Ces paroles restent dans mon cœur, et les derniers mètres de côte se font facilement. En arrivant en haut, j’exalte de joie. J’ai envie de crier et de pleurer tellement je suis content de moi. J’aperçois le randonneur de l’autre côté de la faille. J’ai envie de l’interpeller et de le remercier pour ses paroles. Une autre côte moins escarpée m’attend mais j’y arrive. La route est magnifique. Je suis vraiment content d’avoir choisi cette option. J’alterne les chemins escarpés en bord de falaise, avec les sentiers en bordure de prairie. Il y a de plus en plus de monde au fur et à mesure que j’avance.

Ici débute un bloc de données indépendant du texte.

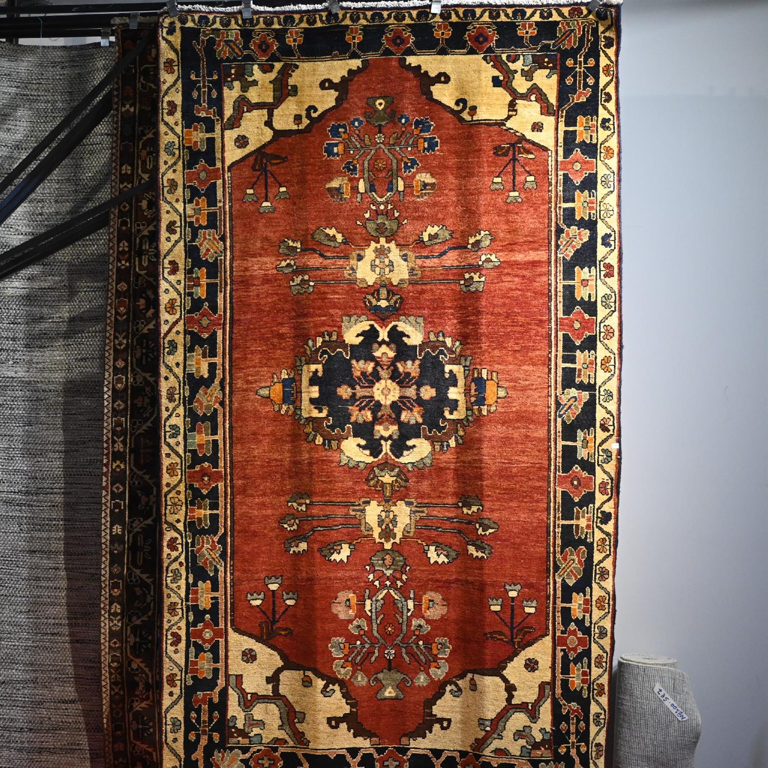 A LARGE NOMADIC BAKHTIARI ARMANI WEAVE CARPET, THE 100% WOOLLEN PILE WITH A SHEEN, HAND-KNOTTED IN CENTRAL LURESTAN PROVINCE BY BAKHTIARI TRIBE WITH ALL NATURAL DYES. ORIGIN: PERSIA (290 X 172 CM) (LEONARD JOEL DELIVERY SIZE: X-LARGE)

J’aperçois le pic de la chapelle puis enfin l’arche et l’aiguille creuse. Une sacrée descente sans voiture m’attend et je pénètre dans un Étretat bondé où la plage est surveillée par la police pour s’assurer que personne ne fait bronzette. Au loin des tocards foncent à toute blinde sur l’eau sur des jet skis. Voilà le nouveau monde, le bronzage gratuit qui ne participe pas à l’économie est interdit mais l’utilisation de jet ski polluant est autorisée. Je reste longtemps assis sur un muret, me remettant de l’effort intense fourni sur ce GR. Je ne pense à rien de particulier. Le soleil chauffe ma peau. Des odeurs de viandes grillées d’un foodtruck chatouille mes papilles. Je suis exténué, mais je décide malgré tout de continuer à suivre le GR. Je sais que j’aurais plus de chances de trouver un spot bivouac le long de celui-ci que dans les terres.
Je me tape encore deux bonnes putain de côte rocailleuse, une descente bien merdique et j’arrive dans une valleuse au pied du phare d’Antifer, où je décide de poser mes sacoches.

Demain, je pense rentrer en train du Havre, je ne pense pas que mon corps puisse encaisser une journée intense comme celle-ci si vite. Et puis, cette route le long de la Seine serait parfaite pour un week-end en amoureux avec Clem. Je dîne encore une fois au bord de la falaise. Le plus beau des spectacles s’offre à moi. Des nuances de couleur majestueuses. Un coucher de soleil mémorable. Je monte ma tente dans l’obscurité naissante, après le départ de visiteurs qui me proposent très gentiment de fumer un joint avec eux (j’ai bien évidemment refusé). Je m’endors en moins de cinq minutes, terrassé par la fatigue et le bonheur.
Dimanche 31 mai : Antifer – Le Havre – Rouen
Je suis réveillé par les premiers rayons du soleil. La nuit s’est bien passée. J’hésite sur ma destination. Est-ce que je rentre à Rouen en prenant un train au Havre ou est-ce que j’essaie de rentrer à vélo ?
Au final, j’ai choisi le vélo ! Et punaise j’en ai bien chié !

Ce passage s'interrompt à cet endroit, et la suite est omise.